= Dionysius the Phocaean =

5th century BC Phocaean Greek admiral

Dionysius the Phocaean or Dionysius of Phocaea (Διονύσιος) (fl. 494 BC) was a Phocaean admiral of ancient Greece during the Persian Wars of 5th century BC, and was the commander of the Ionian fleet at the Battle of Lade in 494 BC. Although commanding a formidable force, according to the Greek historian Herodotus, his men were worked so hard in preparing for battle that on the eve of the battle they refused to engage the Persian fleet.
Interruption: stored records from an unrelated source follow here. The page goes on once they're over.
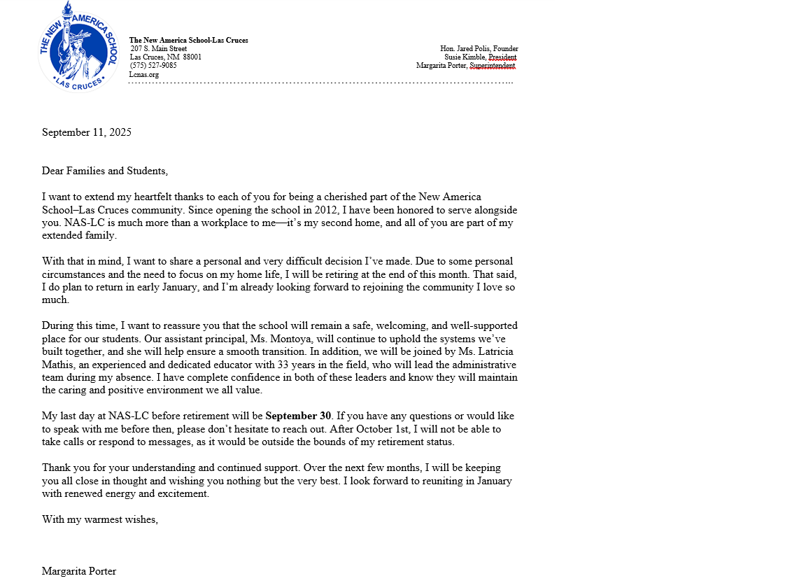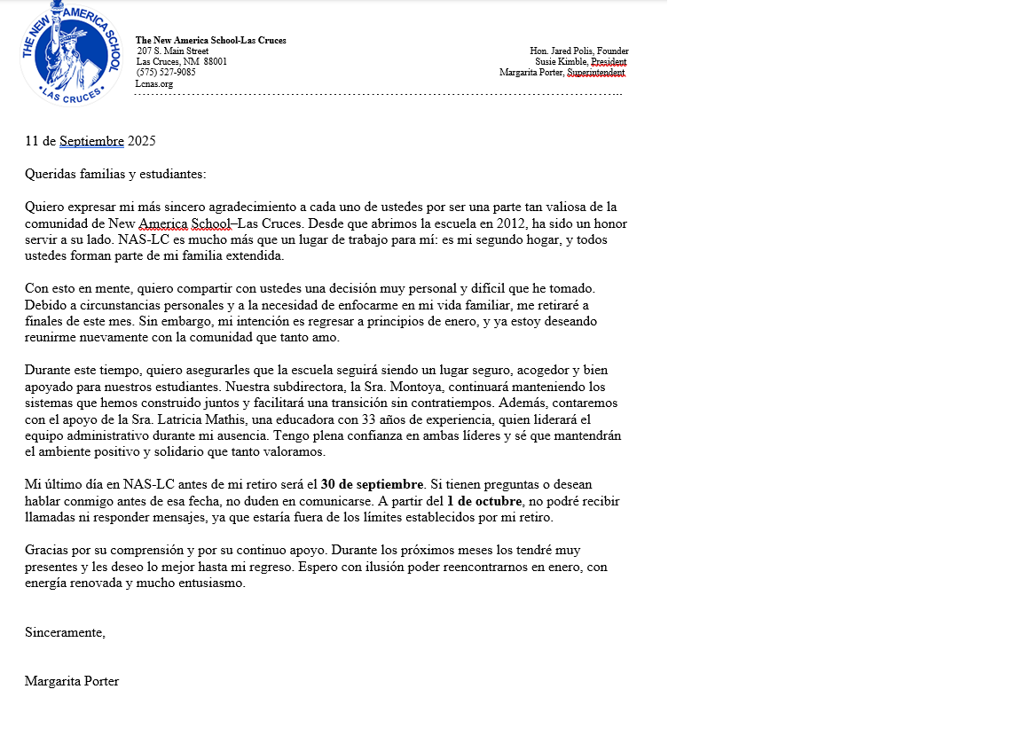27 de enero de 2025 Estimadas familias de New America School-Las Cruces, La semana pasada, se inició una Orden Ejecutiva que afectó las pólizas federales de la ley de inmigración en nuestro país. Sabemos que esto puede haber causado preocupación a nuestras familias. Estamos monitoreando la situación y estamos en comunicación con nuestra abogada para obtener orientación. Todos los estudiantes, independientemente de su estatus migratorio, son bienvenidos en NAS-LC. Los niños de Nuevo México tienen derecho a una educación pública gratuita. NAS-LC no colecciona el estatus migratorio de los estudiantes o sus familiares. Si nos piden esta información, no la tenemos. NAS-LC no se pondrá en contacto con ninguna agencia para proporcionar el estado migratorio. No somos responsables de hacer cumplir la ley federal de inmigración. Para recibir más información, es importante que la escuela tenga sus números de contacto correctos en el archivo. La Escuela envía mensajes de texto con información. Nuestra escuela tiene una trabajadora social en el campo escolar. Ella esta al tanto de los estudiantes si se sienten nerviosos o estresados por el cambio en las pólizas de la nación. La salud mental y la seguridad de nuestros estudiantes es nuestra prioridad. Si tiene alguna pregunta, no dude en ponerse en contacto conmigo. Si desea leer más sobre este tema, la oficina del Procurador General de Nuevo México publicó este documento: Garantizar un entorno de aprendizaje seguro para todos: Guía para ayudar a las escuelas K-12 de Nuevo México en respuesta a problemas de inmigración.( Guia para ayudar las escuelas K-12 de Nuevo México en respuesta a problemas de inmigración .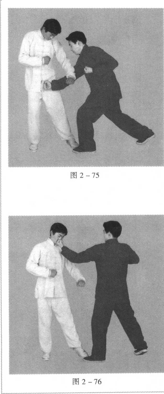 (3)跟踪追击, 连用拳掏击敌面 门。(ffl 2-76)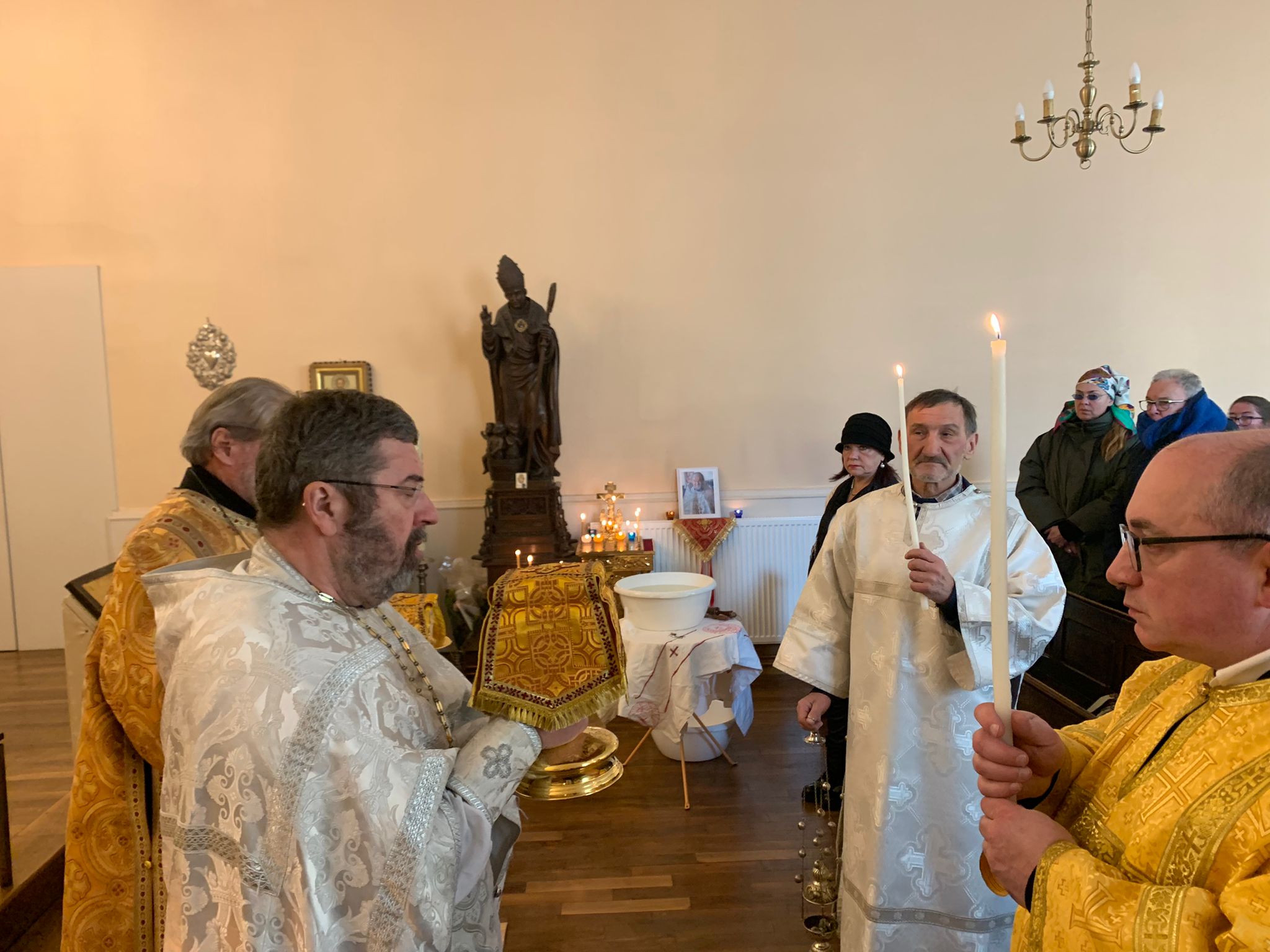В субботу, 18 января, состоялось первое в этом году богослужение в Сен-Николя-де-Пор у мощей святителя Николая Чудотворца. Оно совпало с Праздником Богоявления – Крещения Господня. Божественную Литургию отслужил отец Габриэль Лякаскад. Ему, как всегда, помогал диакон Михаил Комаров-Курлов. Хором руководила Инна Бочарова. Также было совершено Великое освящение воды. Приехали как постоянные прихожане, так и паломники из других городов: из Нанси, Страсбурга, Метца, Парижа, Люксембурга. После богослужения все собрались, как всегда, за общей трапезой, чтобы отпраздновать Крещение Господне, а также все прошедшие праздники – Новый год и Рождество Христово.

Although little is known of his life, Dionysius was in command of the Ionian contingent, gathered from the many islands throughout Ionia, which joined the main Greek naval force outside Miletus' port of Lade. Upon his arrival in the naval camp of Lade, he observed that his men displayed low morale and suffered from a lack of discipline. Believing his men were unprepared for the impending battle, he called a general assembly among the camp and, in a speech to his men, said: "Now for our affairs are on the razor's edge, men of Ionia, wither we are to be free or slaves [...] so if you will bear hardships now, you will suffer temporarily but be able to overcome your enemies."

He then began ordering his men to perform several hours of martial exercises a day as well as drawing out the fleet in the order of battle and instructed the rowers and marines in naval tactics. After a week, dissension began to appear within the ranks of the Samians and other officers (particularly as Dionysius, who arrived with only three ships, exerted such a strong influence over the rest of the fleet).

Even as the battle began, many of the Ionian ships under the command of Dionysius still refused to engage with the Persians and eventually almost 120 of the 350 Greek warships abandoned the battle leaving the remaining Greek ships to be annihilated leaving the city of Miletus to the mercy of the Persians. Despite this setback, Dionysius continued fighting the Persians sinking three warships before being forced to retreat during the final hours of the battle.

Returning to Phocaea, Dionysius attacked several trading vessels and seized their cargo before arriving in Sicily. During his later years, he would become involved in piracy against the Carthaginian and Tyrsenian merchants. However, in keeping with the friendship between Phocaea and Greece, he left travelling Greek merchants alone.